Hasil uji beda anova antarkelompok menunjukkan angka signifikansi 0,033 < 0,05. Hal itu berarti kemampuan guru dalam membelajarkan membaca pemahaman antara kelompok guru kelas dan kelompok guru mata pelajaran berbeda secara signifikan. Dengan demikian dapat disimpulkan bahwa status guru dalam kelas berpengaruh secara signifikan terhadap

kemampuan guru dalam membelajarkan membaca pemahaman. Skor

kemampuan mengajar guru kelas (36,83) lebih tinggi dibandingkan dengan skor kemampuan mengajar guru bidang studi.

Temuan ini merupakan hal yang cukup mengejutkan. Guru mata pelajaran adalah guru yang hanya menangani satu mata pelajaran, yaitu mata pelajaran bahasa Indonesia. Dengan demikian, secara teoretis, guru mata pelajaran bahasa Indonesia adalah guru yang sangat menguasai pembelajaran membaca pemahaman karena pembelajaran membaca pemahaman merupakan bagian dari pembelajaran bahasa Indonesia. Menjadi sangat aneh apabila guru mata pelajaran bahasa Indonesia ternyata lebih rendah secara signifikan kemampuannya dalam membelajarkan membaca pemahaman dibandingkan dengan guru kelas.

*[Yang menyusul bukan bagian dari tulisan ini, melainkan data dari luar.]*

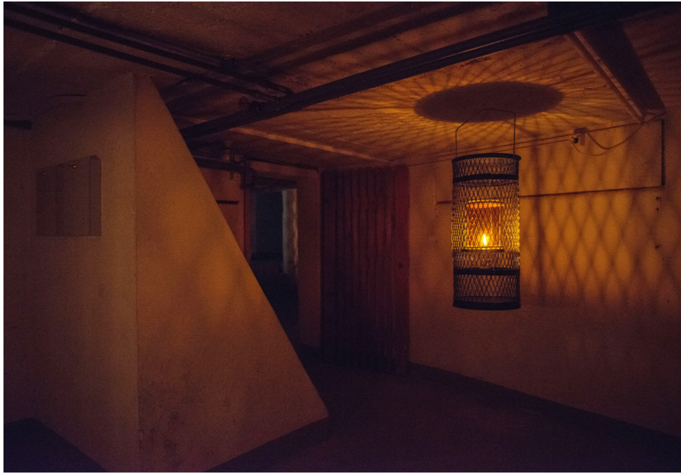
Canaries in a cold mine, 2020

Canaries in a cold mine is a series of hanging, lamp-like sculptures. They are built in a way, that allows them to monitor the air quality in the spaces where they are exhibited. In doing so, they reassure visitors that they are in a safe environment, but they also remind them, that this could potentially change from one moment to the next.
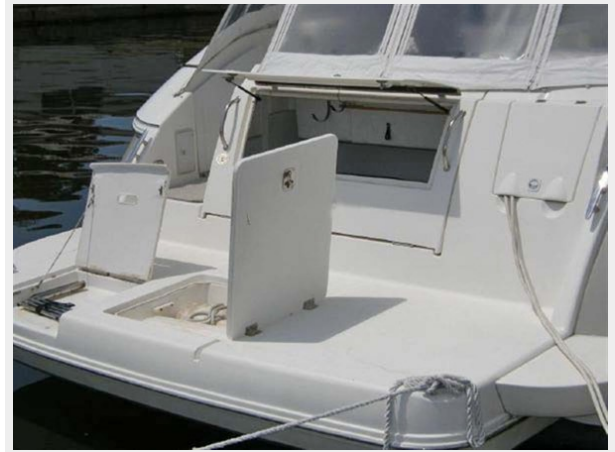
Extended Swim Platform
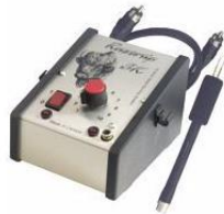
SK Burner with Fixed #1L Pen
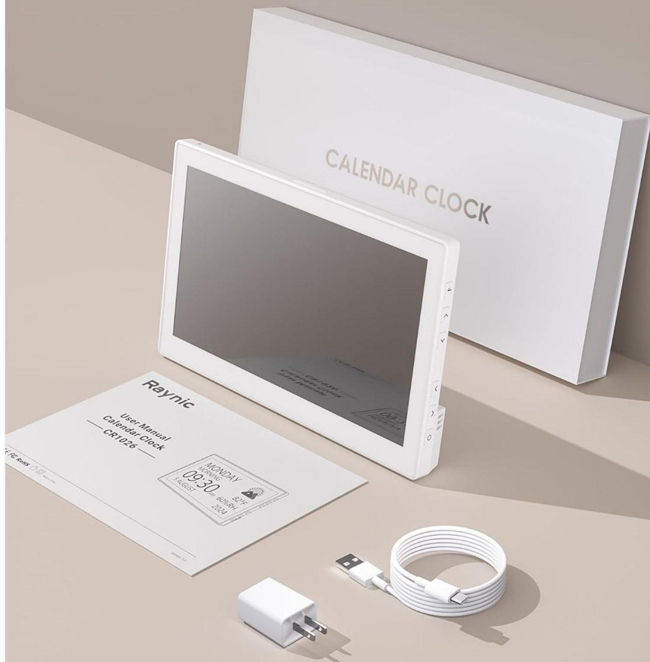
Figure 2: Packaging List

Hal yang perlu dicermati lebih lanjut adalah apakah benar guru mata pelajaran tersebut memang berlatar belakang pendidikan bahasa Indonesia. Jangan-jangan kelompok guru tersebut berlatar belakang pendidikan bukan bahasa Indonesia. Di sisi lain, dari paparan sebelumnya (4.4.3) dapat diketahui bahwa kelompok guru tersebut ternyata masuk kategori kelompok guru yang baru membelajarkan bahasa Indonesia. Dengan demikian masih bisa dipahami kalau kemampuan mereka tergolong rendah. Dari sisi lain lagi, ternyata kelompok guru mata pelajaran tersebut terpilah atas guru yang berpendidikan SLTA 2 orang, D II 1 orang, dan yang berpendidikan sarjana 1 orang. Dengan demikian, dapat disimpulkan bahwa pada hakikatnya status guru dalam kelas hanya merupakan salah satu faktor yang turut memengaruhi kemampuan membelajarkan membaca pemahaman. Masih banyak faktor lain yang secara bersama-sama memengaruhi kemampuan guru dalam mem-belajarkan membaca pemahaman.